Can an existential scare spook an athlete into improved performance?

"They took more shots, better shots, and they hustled more and ran faster," researcher Uri Lifshin said.

By Brooks Hays
Share with X
Psychology doctoral students Colin Zestcott, on the left, and Uri Lifshin, on the right, conducted two experiments to measure how reminders of death affect athletic performance. Photo by University of Arizona
Psychology doctoral students Colin Zestcott, on the left, and Uri Lifshin, on the right, conducted two experiments to measure how reminders of death affect athletic performance. Photo by University of Arizona

TUCSON, Oct. 31 (UPI) -- Does reminding an athlete of his or her precarious place in the universe, of the fragility of life, inspire improve performance out on the playing field?

New research suggests coaches looking to boost their players' performance may want to invest in a few books on existentialism.

It turns out, the ever-present threat of death -- and the system the mind uses to ignore that threat -- can be used to an athlete's advantage.

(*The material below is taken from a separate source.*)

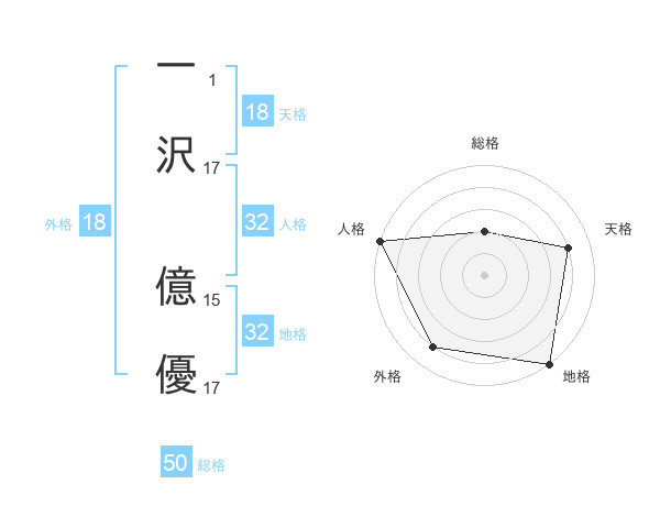 一沢 億優さんの総格は50画の2点!

"Your subconscious tries to find ways to defeat death, to make death not a problem, and the solution is self-esteem," Uri Lifshin, a psychology doctoral student at the University of Arizona, explained in a news release. "Self-esteem gives you a feeling that you're part of something bigger, that you have a chance for immortality, that you have meaning, that you're not just a sack of meat."

Lifshin and his research partner Colin Zestcott, also a doctoral student, wanted to find out a reminder of a person's own mortality might influence an activity from which that person derives self-esteem.

In this case, the activity was basketball. The researchers recruited males who claimed to care about their basketball performance but did not play on a formal college basketball team.

"Our idea was that the study effect should only work for people who are motivated to perform well in sports," Zestcott explained.

Zestcott played participants one on one in basketball, posing as one of the study's participants. Each participant played two games. In between the two games, half of the participants received a questionnaire and series of tasks designed to inspire thoughts about death and mortality. The other half were asked to think about basketball.

Those who were reminded of their own mortality improved their performance in the second game, while the other participants did not.

In a second experiment, Zestcott used a more subtle reminder, wearing a shirt covered in the word "death" while explaining how a simple shooting contest would work. Half the participants saw the shirt, half did not.

Those who saw the death shirt performed 30 percent better than their peers who did not see the shirt.

"They took more shots, better shots, and they hustled more and ran faster," Lifshin said.

The results, detailed in the Journal of Sport and Exercise Psychology, lend support to terror management theory, the idea that humans relieve the fear of death by developing self-esteem or symbolic immortality.

The researchers say many coaches likely unknowingly use the theory to inspire their team. Reminding a team of their legacy, and how their performance will affect how they're remembered, likely has a similar effect, researchers say.

"This is a potentially untapped way to motivate athletes but also perhaps to motivate people in other realms," Zestcott said. "Outside of sports, we think that this has implications for a range of different performance-related tasks, like people's jobs, so we're excited about the future of this research."